Proponents of capital punishment, unresponsive to arguments that the death penalty is immoral, may seize upon the new, practical approach to “fixing” the process. They may reason that public opinion has made the death penalty assailable for the first time in decades, and that the more the process is cleaned up, the less vulnerable it will be.
Whether this happens remains to be seen. In some ways, the effect of the new reform movement has been to lay a chess game, with each side called upon to employ strategy and nerve. If the movement succeeds, there are bound to be some Gordian legal and procedural questions, and lots of fancy political footwork. With any luck, legislators will pass a moratorium that will give North Carolinians space and time to examine what it means to support state-sanctioned killing. Mustering all optimism, it’s possible to imagine voters deciding to call a permanent end to executions. It’s also possible that the best we can hope for is to make improvements and create remedies that ensure a greater measure of fairness and humaneness. In other words, to clean up Cain.
Jody Pope and I had very little in common, but we were both fans of Truman Capote’s In Cold Blood. Jody fancied himself a wandering artist–just like Perry Smith, one of the two killers whose execution Capote describes at the end of the book. “Course, I never murdered anyone,” Jody told me reassuringly, “but I liked Perry Smith. How there was something about him, you know, something good, despite what he did. Plus which, I liked what he said right before they hung him.”

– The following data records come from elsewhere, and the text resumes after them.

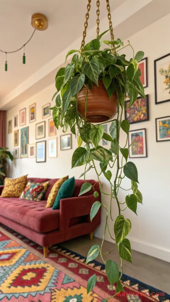 You can guide the trailing vines along a wall using small adhesive hooks, letting the plant create a living wall effect as it grows. This takes almost no effort beyond the occasional watering and gives the room a lush, jungle-like atmosphere over time.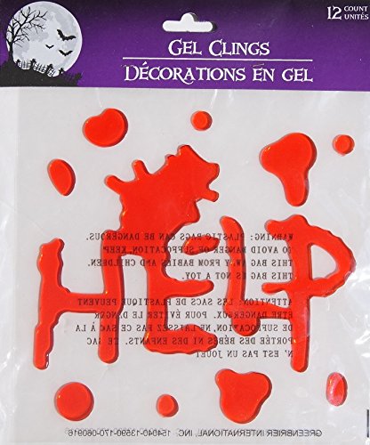 Halloween Gel Window Clings - Help and Blood Spatter - 12 Piece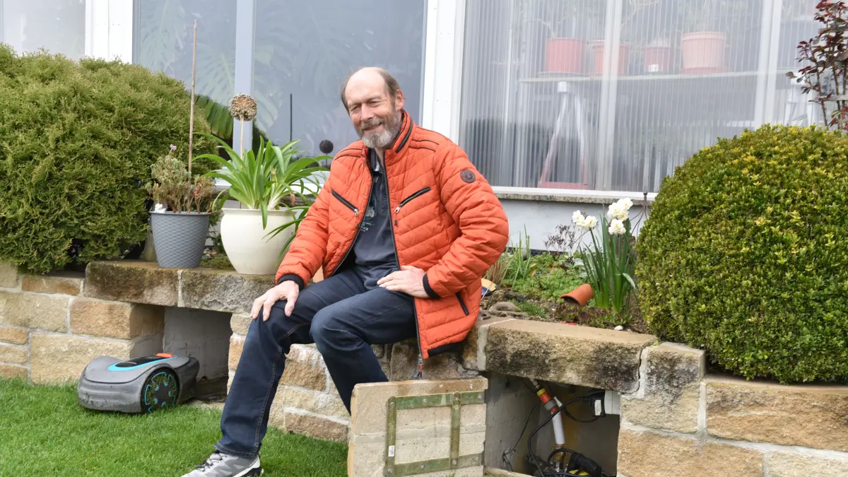 Otto Geprägs mauerte im Garten eine geschwungene Mauer mit Verstecken für Pumpentechnik und den Mähroboter.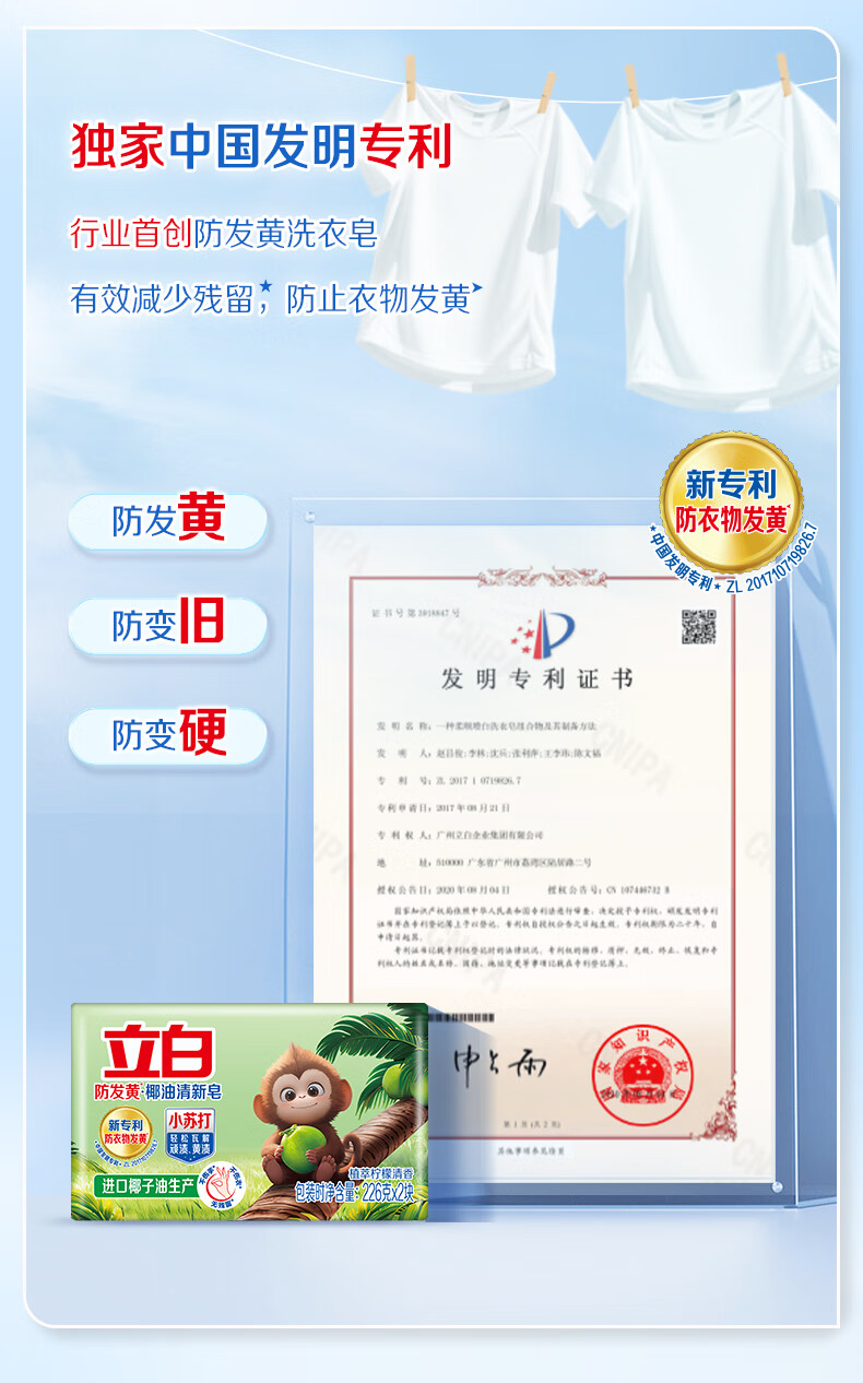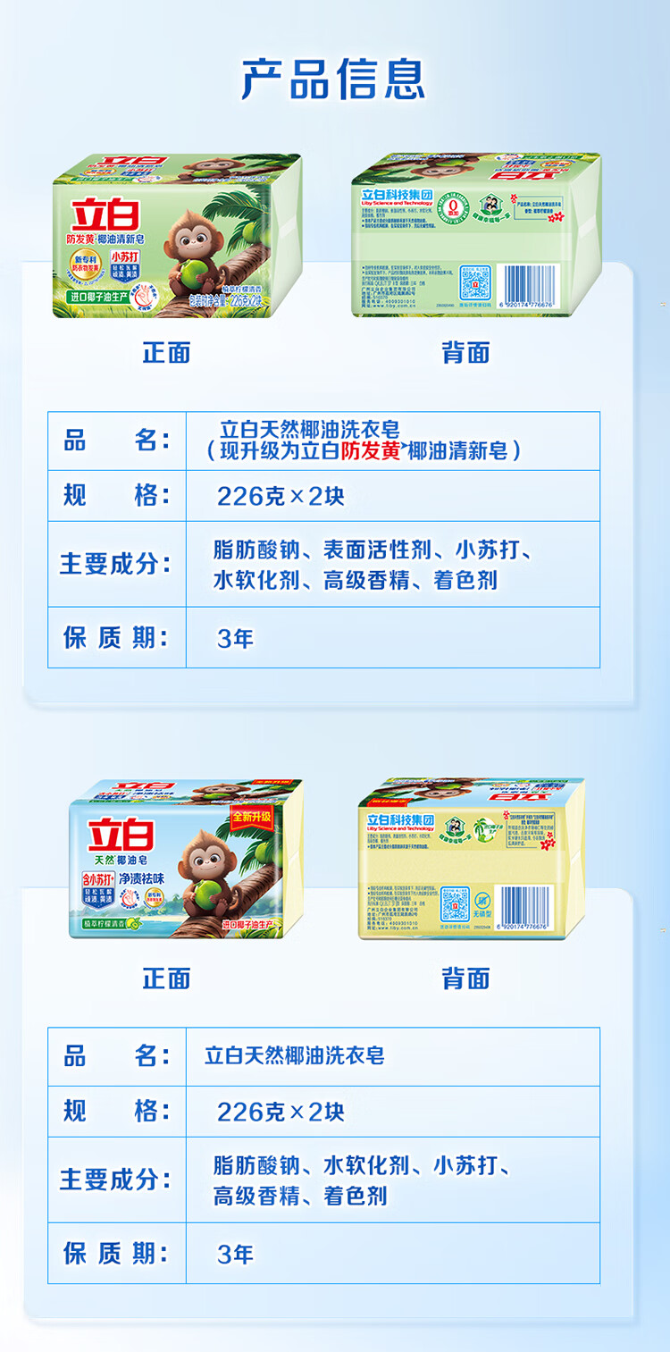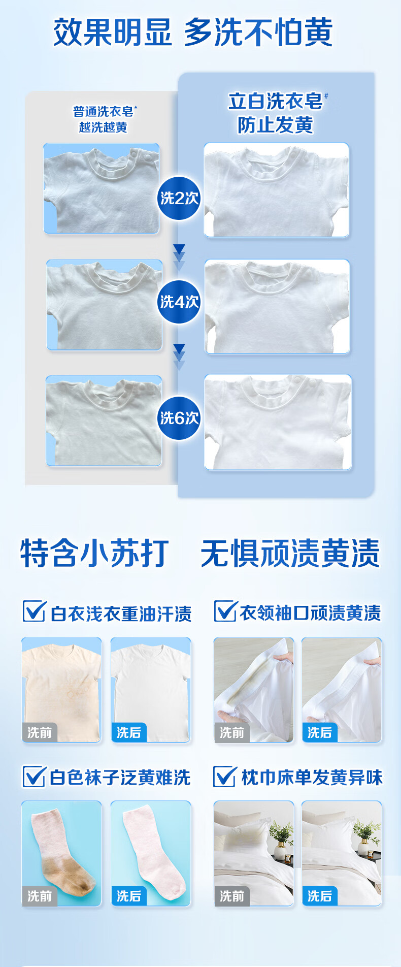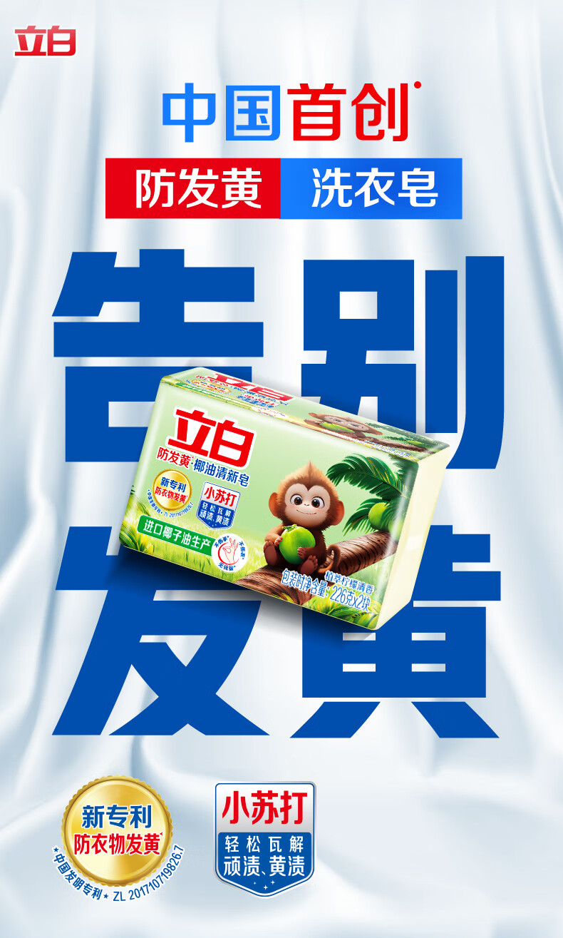 Liby baking soda laundry soap 226g*2 pieces*3 sets, plant extract lemon fragrance, special stain and odor removal soap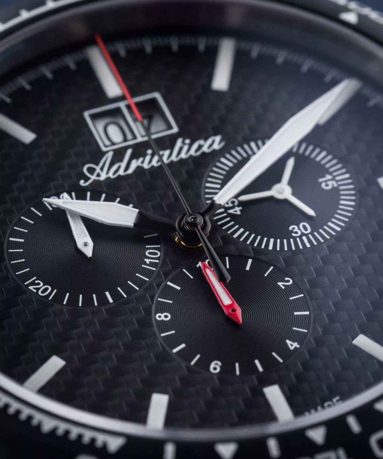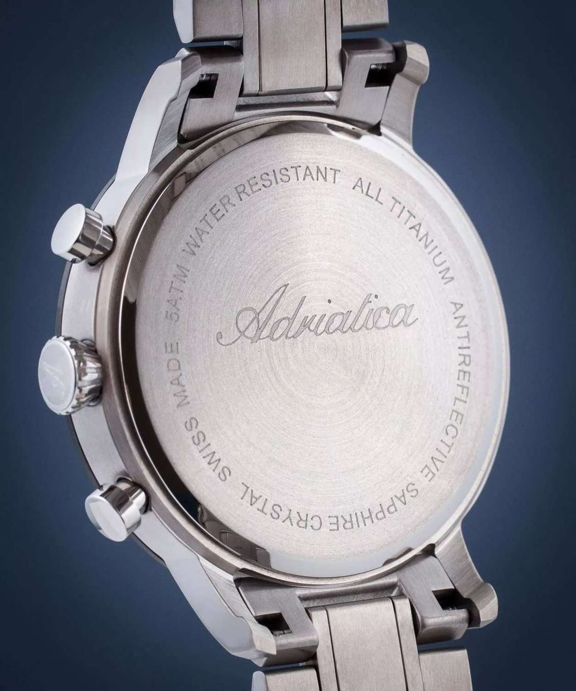 Мужские швейцарские часы-хронографХронографФункция позволяет измерять отрезки времени с особой точностью: часы, минуты, секунды. Верным признаком хронографа является наличие на циферблате 3 дополнительных окошек-счётчиков. с секундомеромСекундомерСекундоме́р — прибор, способный измерять интервалы времени с точностью до долей секунды. и тахиметромТахиметрРазмеченная шкала, располагается на ободке или безеле часов. Тахиметр позволяет рассчитать скорость на определённом участке пути, расстояние измеряется в километрах или милях. Adriatica Aviation A8383.4114CH воплощают в себе элегантность и функциональность, их выбирают целеустремленные мужчины, которые знают цену времени. Черный циферблат часов, защищенный сапфировым стекломСапфировое стеклоПрочный и надёжный материал из кристалла сапфира синтетического происхождения, характеризующийся особой твёрдостью и устойчивостью к царапинам и повреждениям., заключен в корпус из титана диаметром 46 мм и толщиной 12 мм. Надежный кварцевый механизм с калибром Ronda 5040.B обеспечивает высокую точность, а водозащита 5 ATM делает часы устойчивыми к воздействию воды. Стальной браслет с раскладной застёжкойРаскладная застёжкаТакой тип застёжки используется только на браслетах из металла. Она никогда не раскрывается полностью, происходит разделение на 2 и более частей. Раскладывающая застёжка снизит вероятность потери часов к минимуму. обеспечивает комфортное и надежное ношение. Циферблат с метками в виде штрихов имеет 3 дополнительных циферблата, а также окошко даты в положении «12» , что добавляет практичности в повседневной жизни. Люминесцентное покрытиеЛюминесцентное покрытиеПозволяет считывать показания времени в темноте. Производители наносят на стрелки, часовые индексы, безель или поверхность циферблата светонакопительный состав, дающий холодное свечение. на стрелках и метках обеспечивает отличную видимость в темноте.
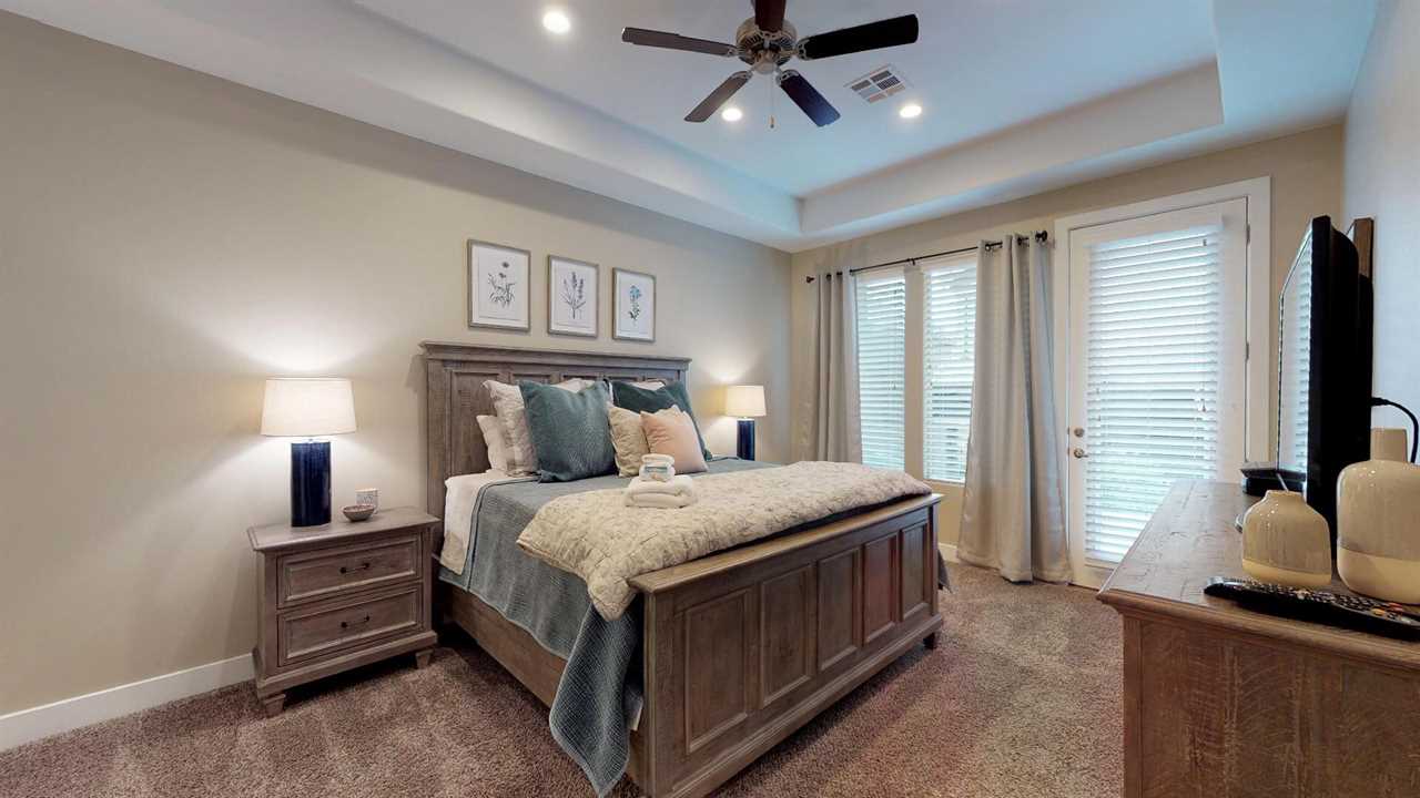 Main Level Master Bedroom: King bed, flat screen TV, bathroom suite with walk-in shower, large soaking tub and double sinks, open up to the back patio.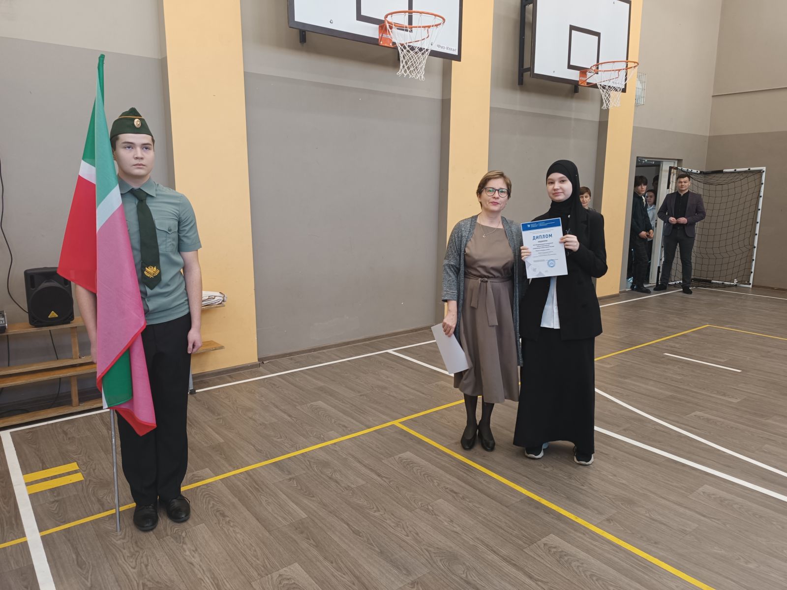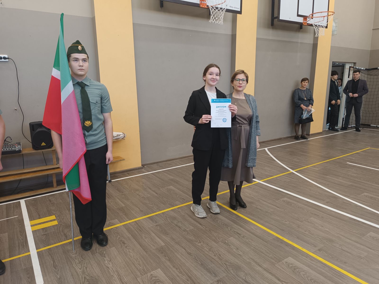 Сегодня на еженедельной линейке поднятии флагов и исполнения гимнов Российский Федерации и Республики Татарстан были вручены дипломы ученикам за их достижения.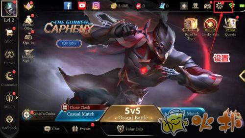 打开传说与对决后,进入游戏后,点开右上角的齿轮样设置。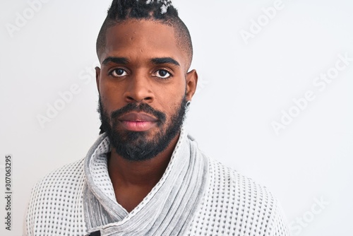 African american man with braids wearing grey sweater over isolated white background with a confident expression on smart face thinking serious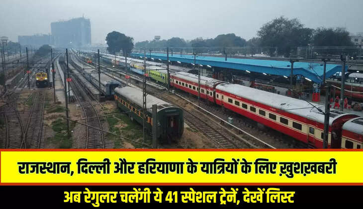 भारतीय रेल ने बड़ा ऐलान किया है। दरअसल, राजस्थान, दिल्ली और हरियाणा से गुजरने वाली 41 स्पेशल ट्रेनों में रेगुलर किया गया है। इसका सीधा लाभ यात्रियों को मिलने वाला है।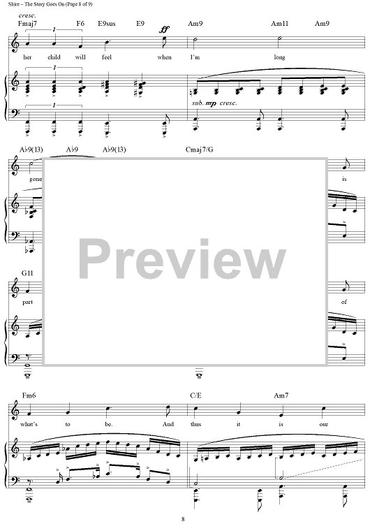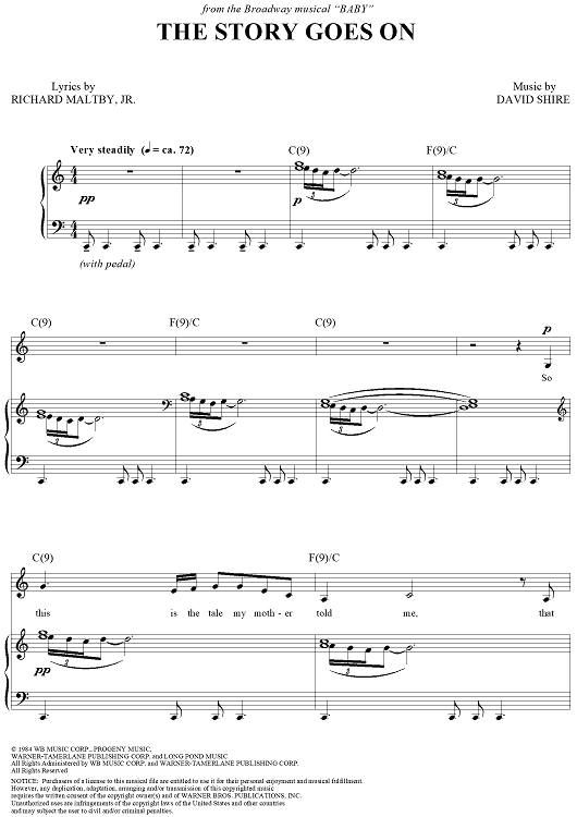 Digital Sheet Music for The Story Goes On by David Shire, Richard Maltby Jr. scored for Piano/Vocal/Chords; id:257867

I went back to look at those passages recently, because I remember liking them as well. On the night of his execution, Capote writes, Smith entered the warehouse gallows in a Kansas state penitentiary and glanced gravely at the hangman, perched on the gallows platform. Asked if he had any last words, Smith looked down at his manacled hands. “I think,” he said, “it’s a helluva thing to take a life in this manner.”